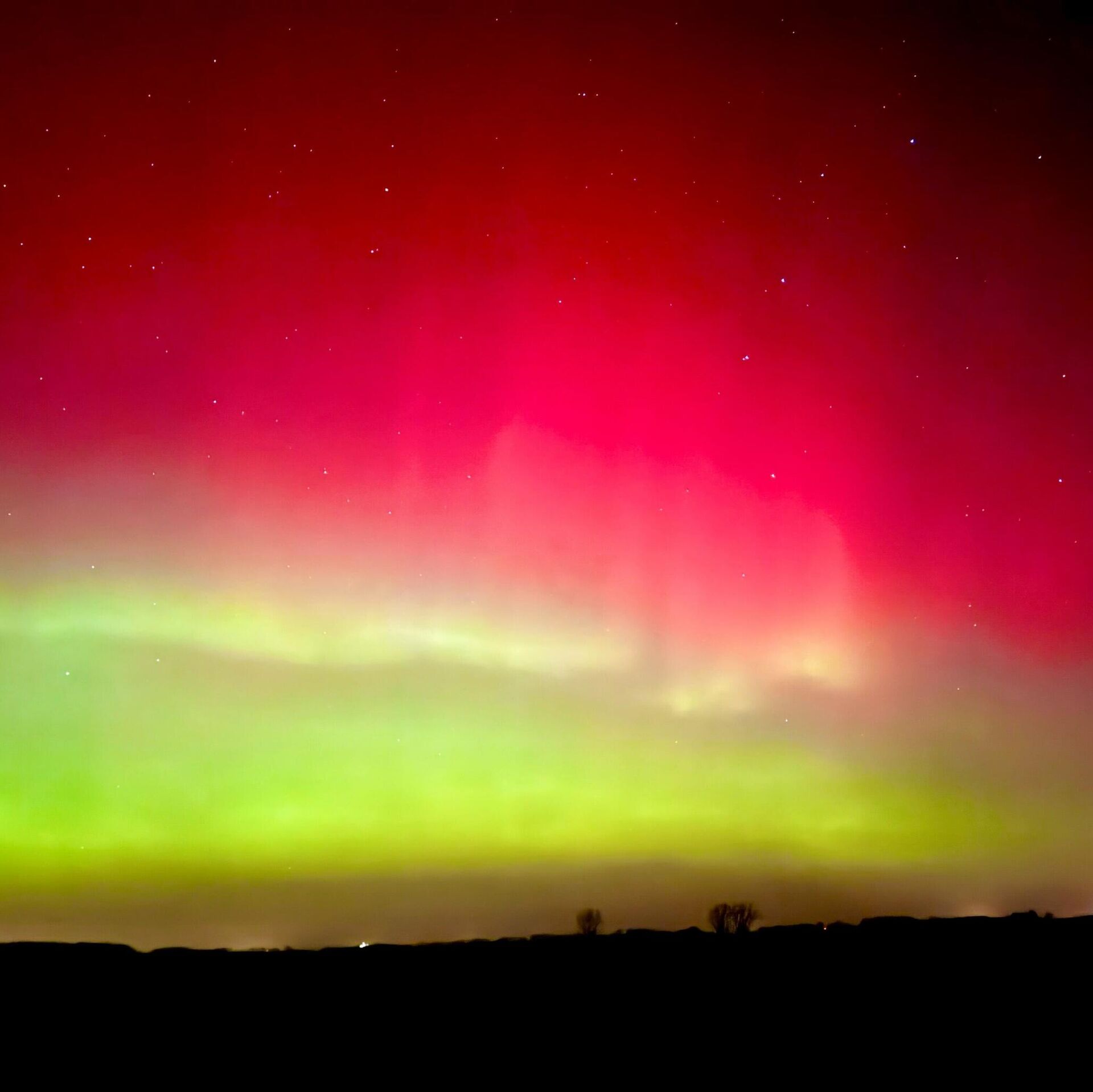صورة لأضواء الشفق القطبي الشمالي بألوانه البارقة متمثلًا باللونين الأصفر والأحمر، في ساكسونيا، أنهالت، ألمانيا
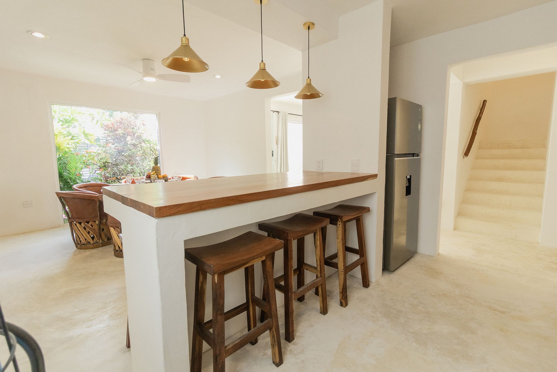 REGLAMENTO HORARIOS DE CHECKIN , CHECK OUT, PERSONAS EXTERNAS El horario de Ingreso es a partir de las 3PM- Ingresar antes de este horario sin autorización es conciderado una falta al Reglamento y podría generar costos extras. El ingreso anticipado es sujeto a disponibilidad y debe estar solicitado previamente. El horario de SALIDA es como máximo a las 12PM ya que personal de limpieza debe ingresar para dejar listo el departamento para los siguientes huéspedes. La salida posterior a este horario sin autorización es conciderado una Falta al reglamento ya que afecta la operación de la propiedad. El costo por salída despés de las 12:20 y antes de la 1PM tiene un Costo de 600mxn. Puede solicitar autorización de Late check out, pero es sujeto a la disponibilidad. 1- Mantenga sus puertas y ventanas cerradas cuando salga del departamento 2-OBJETOS DE DECORACIÓN La casa cuenta con objetos de decoración de gran calidad y valor, en caso de pérdida, robo o rotura se cobrará según el valor asignado a cada pieza. 3- TOALLAS - Se hará un cargo de $600 MX pesos por cada toalla perdida o manchada. 4 AIRE ACONDICIONADO: Apague cuando salgan de la habitación o del departamento. Están en un área de conservación, por lo que se agradece su apoyo. 5-El agua del grifo no es potable. Usted cuenta con agua potable en un garafón 6-A partir de las 12:00 de la noche se requiere la suspensión de musica o ruido a alto volumen. PET FRENDLY Cualquier detalle de limpieza o daño que pudiera derivarse de la estancia de la mascota tendrá cargo extra ( Ej: Pelos en sillones, cojines o camas, muebles maltratados, manchas en paredes, mosquiteros arañados) Ayúdenos llevando sus bolsitas para desechos y no dejando a su mascota sola en el departamento .
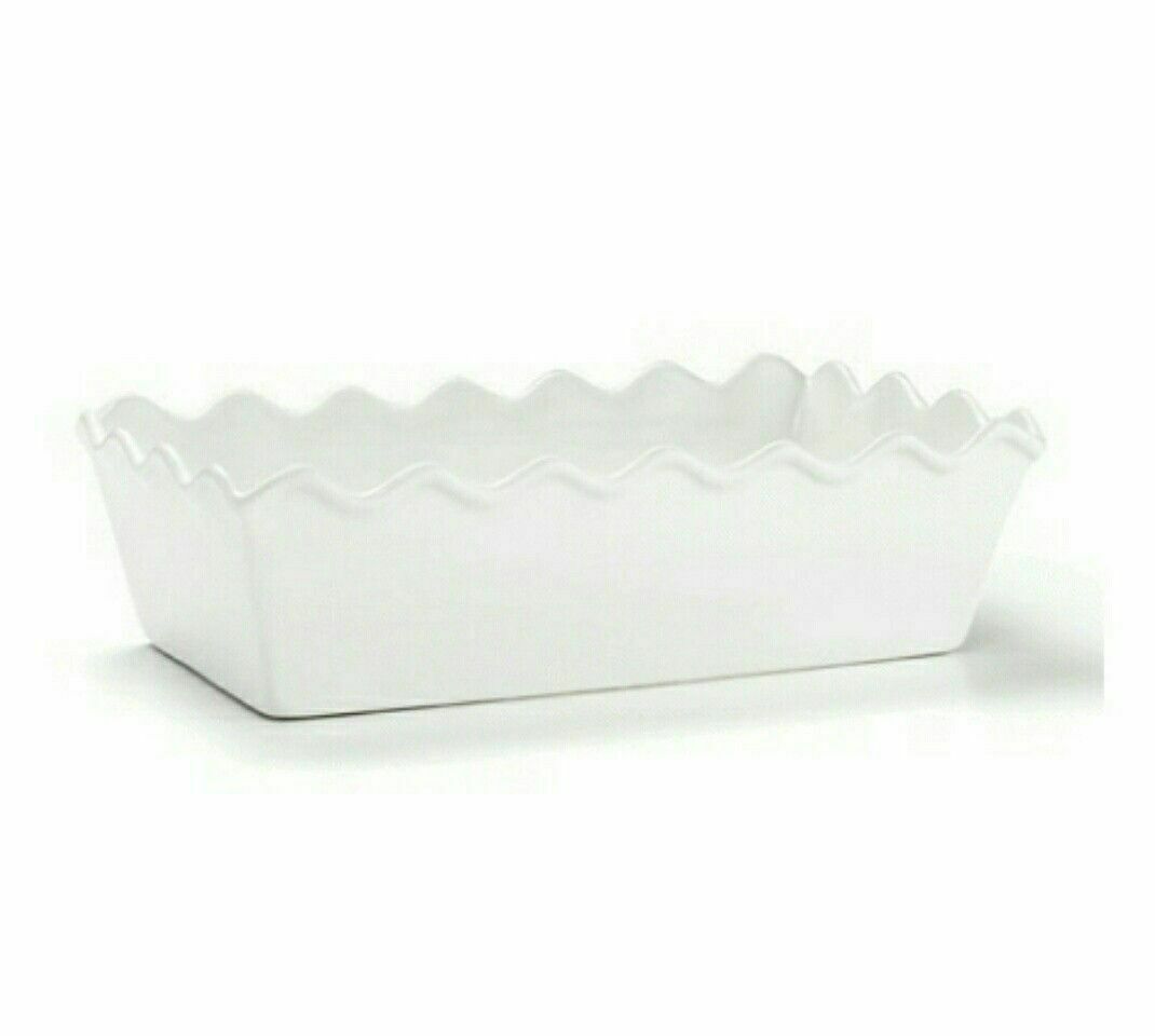 Avon Living White Porcelain Scalloped Bread Loaf Pan Baking Dish Ready to Serve
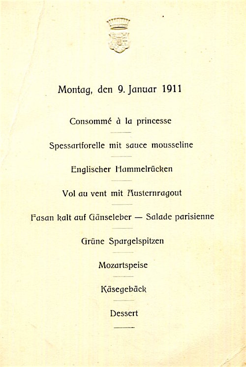 Germany Special Occasion Menu 1911
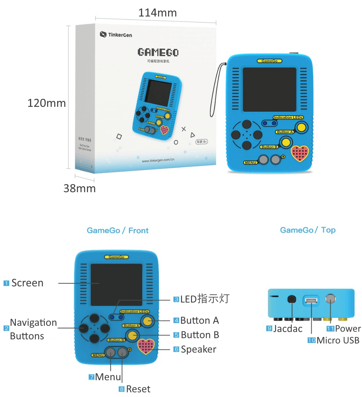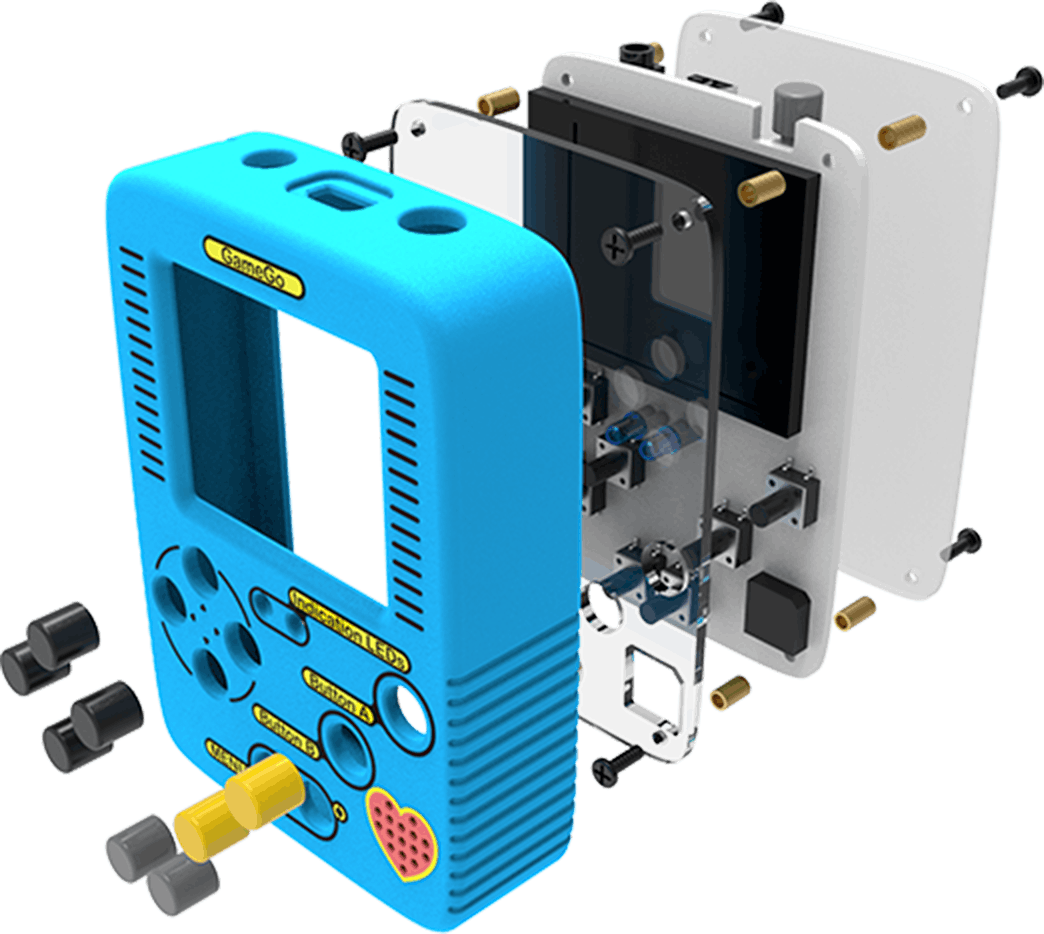 GameGoはMakeCode Arcadeでのゲームプログラミングと、レトロなアーケードゲームのアイデアをサポートするプログラマブルゲーム機です。 プログラミングの知識と創造力でゲームを作ることができます。
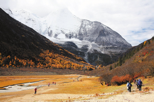 冲古寺背靠仙乃日(海拔6032米),正对夏诺多吉(海拔5958米),仙乃日是藏语,即“观音菩萨”之意,夏诺多吉意为“金刚手菩萨”之意,再往前是南峰央迈勇(海拔5958米),意为“文殊菩萨”之意。小路蜿延曲折地向上延伸着,绿色的灌木,黄色的树林,白色的瀑布,还有雪山、阳光、蓝天、白云,美妙的景色不断映入眼帘。走近,慢慢地靠近,雪山让人感到的是壮观、震撼、伟大。夕阳的余晖涂洒在夏诺多吉雪山顶上,雪山被染成炫目的金色,这就是日落金山了。
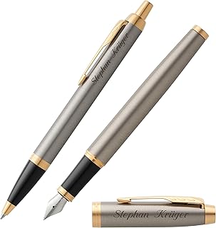 PARKER Schreibset IM Brushed Metal G.C. mit Gravur Füller und Kugelschreiber mit Geschenk-Etui

§ **What the exercise asks**:
Pictures excluded, return exactly the lines from the one with "Germany Special Occasion Menu 1911" through the final line of the entries above, both included.

§ **Solution**:
 Germany Special Occasion Menu 1911
 GameGoはMakeCode Arcadeでのゲームプログラミングと、レトロなアーケードゲームのアイデアをサポートするプログラマブルゲーム機です。 プログラミングの知識と創造力でゲームを作ることができます。
 冲古寺背靠仙乃日(海拔6032米),正对夏诺多吉(海拔5958米),仙乃日是藏语,即“观音菩萨”之意,夏诺多吉意为“金刚手菩萨”之意,再往前是南峰央迈勇(海拔5958米),意为“文殊菩萨”之意。小路蜿延曲折地向上延伸着,绿色的灌木,黄色的树林,白色的瀑布,还有雪山、阳光、蓝天、白云,美妙的景色不断映入眼帘。走近,慢慢地靠近,雪山让人感到的是壮观、震撼、伟大。夕阳的余晖涂洒在夏诺多吉雪山顶上,雪山被染成炫目的金色,这就是日落金山了。
 PARKER Schreibset IM Brushed Metal G.C. mit Gravur Füller und Kugelschreiber mit Geschenk-Etui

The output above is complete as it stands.